I installed an old flight deck onto the dummy rails using 4 super hooks. You have to be mindful of the spacers on the dummy rails when installing the flight deck. For best results, wait to tighten the super hooks until all 4 hooks are engaged. I assume it would be similar for a new v2 flight deck.

I also saw where someone drilled holes in a flight deck (not sure if it was v1 or v2) and bolted it directly to the dummy rails using the supplied bolts from Surly - but I think the flight deck is a little bit too narrow for that to work perfectly.



stevelim said:


> I'd also be interested in cutting a hole in a new Dummy deck.
> 
> Alternatively, has anyone installed the new Flight deck on dummy rails? Did you need to supplement with super hooks?


----------



## aremarmelade (Jan 10, 2015)

Hey!

Im in the same situation now a year later  did any of you make the hole yet?

it should be doable i think.. =)

Are

Edit:
I think its not doable anymore, after suddenly realising the decrease in thickness of the flightdeck where you are to make the window.. it will loose grip compared to the version II

I could be wrong but then again, this is the difference that one ends up with =)


----------



## adinpapa (Dec 4, 2007)

subscribed. BD on order soon and want to mount the Yepp Maxi on the Dummy Deck... pics would be great.


----------



## aremarmelade (Jan 10, 2015)

*flightdeck II is the way to go..*



adinpapa said:


> subscribed. BD on order soon and want to mount the Yepp Maxi on the Dummy Deck... pics would be great.

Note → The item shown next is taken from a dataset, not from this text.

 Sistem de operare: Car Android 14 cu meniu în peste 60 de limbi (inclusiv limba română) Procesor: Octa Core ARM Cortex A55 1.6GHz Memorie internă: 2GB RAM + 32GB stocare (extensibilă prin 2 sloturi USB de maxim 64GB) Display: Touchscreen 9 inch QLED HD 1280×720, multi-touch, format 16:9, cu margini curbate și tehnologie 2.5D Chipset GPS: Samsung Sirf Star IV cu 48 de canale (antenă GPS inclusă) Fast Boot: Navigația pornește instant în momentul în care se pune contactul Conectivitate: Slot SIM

ive now tried with flightdeck with easyfit adapter (worked great but heavy and moved pivot point a little high) flight deck II lowered the yepp and worked great, leaving a hole that i think my kids can sit on with a mini magic carpet.. this has not been tested yet, but they are positive =)

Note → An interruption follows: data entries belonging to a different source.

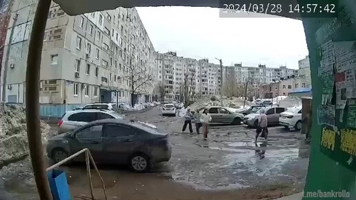 В Уфе курьер прислонил коробку к бетонной стене у подъезда, и стена рухнула
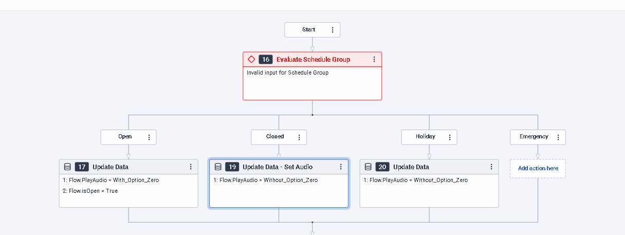 The first step is to validate the scheduler group and create a variable, for example, flow.PlayAudio.
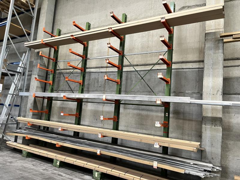Lot 610: 1 Cantilever Racking FISCHER, YOM 2013, consisting of: 5 cantilever racks, cantilever length 1,000 mm, 5 levels, rack height approx. 6,000 mm, cantilever load 300 kg, rack load 1,800 kg, blue/orange, incl. 1 item of cantilever rack approx. 14 pcs., 1 set of bracing, next inspection 7/26, without contents

no images yet but ill try to grab one, but short version:
get a flightdeck II drop the adapter and pop on the seat!

best,
Are, Oslo


----------



## adinpapa (Dec 4, 2007)

Thanks aremarmelad ! The $75 for the new flightdeck seems well worth it to not have to fuss with the adapter.


----------



## adinpapa (Dec 4, 2007)

Today a cargo bike dealer told me there are issues with fastening the Flightdeck2 to the Dummy rails... even with Super hooks. Anyone get this to work?


----------



## aremarmelade (Jan 10, 2015)

I did this without any hassle at all, i even felt it fit better than the Flightdeck I, but that can just be me...

there seem to be some xtracycle vs surly beef going on, but im not sure why/what etc.. more on the i love my big dummy group on FB

but short version,

i run this FD II with cut out Easyfit windows with Yepp Maxi on the rear.. no sweat but i think im looking for racklock options.. =)


----------



## adinpapa (Dec 4, 2007)

Thanks for the good word. I'll give it a shot. The guy I spoke with went on about a xtracycle/surly beef . I'm new to all this but it sounded a little dramatic. It would be cool if Surly had more human carrying specific kit though. 


Sent from my iPhone using Tapatalk


----------



## cargobob (Oct 6, 2015)

A Yuba Boda Boda owner here. I have been thinking along similar lines to create board/rack to drop one or two Yepp Junior seats in. To keep it cheap I am thinking about using an old snowboard to cut to size. My question is however how far down the seat drops onto hole, as I need to offset the board above the existing welded rack?


----------



## stremf (Dec 7, 2012)

I'd have reservations about using a snowboard. Hopefully that wood core is still in good shape and not rotted. Also, snowboards are flexy. Not a great thing when it's the only thing holding your kids on the bike. I don't know--is $79 too much to spend for something with proper fit and safety tests?


----------